Meine Wimpern flatterten bei dem misslungenen Versuch zu reden. Ich bekam lediglich ein "Mom" zustande.
"Ja, ich bin es. Dein Vater ist auch da.", antwortete diese ruhige und vertraute Stimme.
"M-Mom?", stotterte ich.
"Ja, mein Engel?"
"Was ist passiert?", versuchte ich herauszufinden.
"Das spielt momentan keine Rolle. Brauchst, oder möchtest du etwas haben?", antwortete sie.
"Nein."
"Ich lasse dich nur ungern alleine, aber ich werde ein paar Worte mit dem Arzt wechseln.", versicherte sie mir.
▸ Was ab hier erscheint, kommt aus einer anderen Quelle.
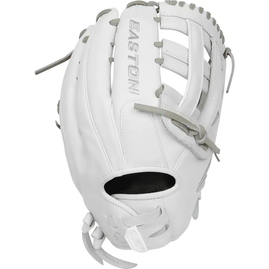 Hit the diamond like a pro with this Easton Professional Collection 13-inch fastpitch outfield glove! Inspired by Easton’s stellar team of pro softball stars, these gloves have all the features that elite players look for. Crafted with a reformulated premium steerhide leather, the Professional Collection holds its shape perfectly and stands up to the game’s toughest tests. This glove also features a large H-web that has the perfect amount of give needed to snag line drives and fly balls. On top of that, Easton’s Quantum Closure System ensures a comfortable and secure fit, no matter your hand size, so you can go after any ball with confidence. When you add in the eye-catching white-on-white design, you’ve got a glove that any elite fastpitch player would look for. Get your Easton Professional Collection 13-inch outfield glove today!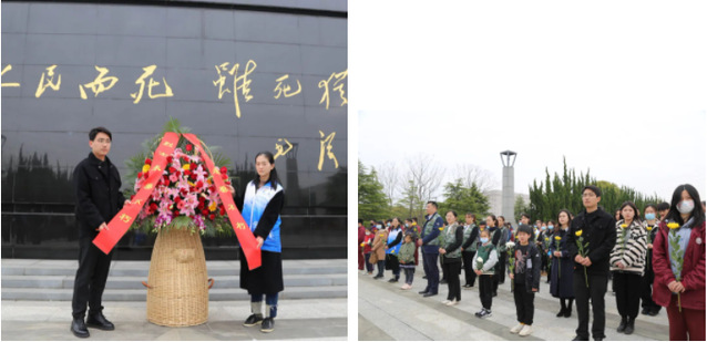 在“为人民而死 虽死犹荣”的纪念碑前,师生们庄严肃立,齐声高唱国歌并向纪念碑敬献花篮。在《没有共产党就没有新中国》的歌声中,大家深情缅怀为民族解放和人民幸福而牺牲的革命烈士,告慰先烈英灵。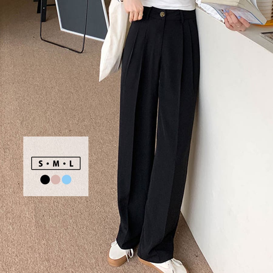 幅広いコーデがしやすいスラックスパンツ。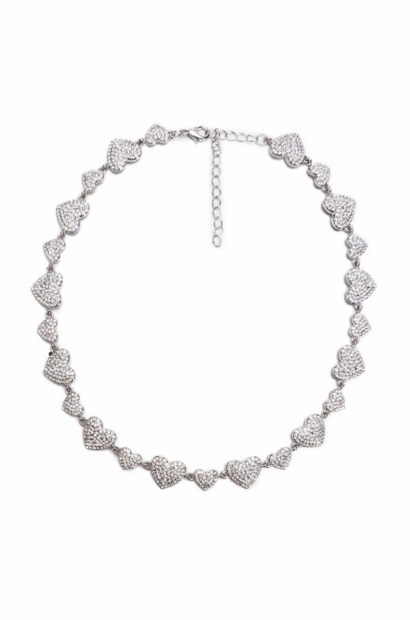 The AKIRA Label Icy Heart Necklace is made from a faux silver base and features linked pave rhinestone heart charms in a pattern of varying sizes with an adjustable lobster claw closure.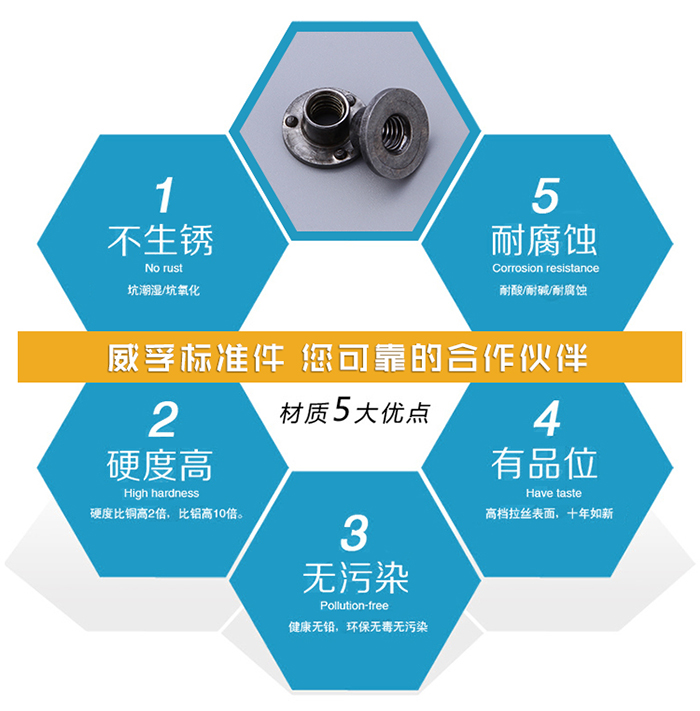 T型焊接螺母,強度比較大,且使用範圍廣,薄厚都可以,但是由於高溫會導致被連接件變形,且不可拆卸,而且一些活潑金屬不能用通常方法焊接,比如鋁,鎂等,需要保護氣或氬弧焊,要求加工工藝和精度。

Ich nickte einverstanden und sie verließ, zusammen mit meinem Vater den Raum.
Jeder Blick, jedes Wort, jede Bewegung kostete mir wichtige Kraft, dennoch schaute ich mich um. Lauter Nadeln und Schläuche hingen an mir. Allein der Gedanke machte mir Angst. Vorsichtig hob ich meine linke Hand, an der sich ein Pulsmesser befand und berührte eine schmerzende Stelle an meiner Stirn. Ich wusste nicht, warum ich solch starke Verletzungen hatte. Ich wusste nicht einmal, was vor einer Stunde passiert war.
Meine Eltern sprachen eine elendig lange Zeit mit dem behandelnden Arzt, dass sicherlich nichts Gutes hieß, doch ich fühlte mich zu schwach um weiterhin darüber nachzudenken und versuchte zu schlafen.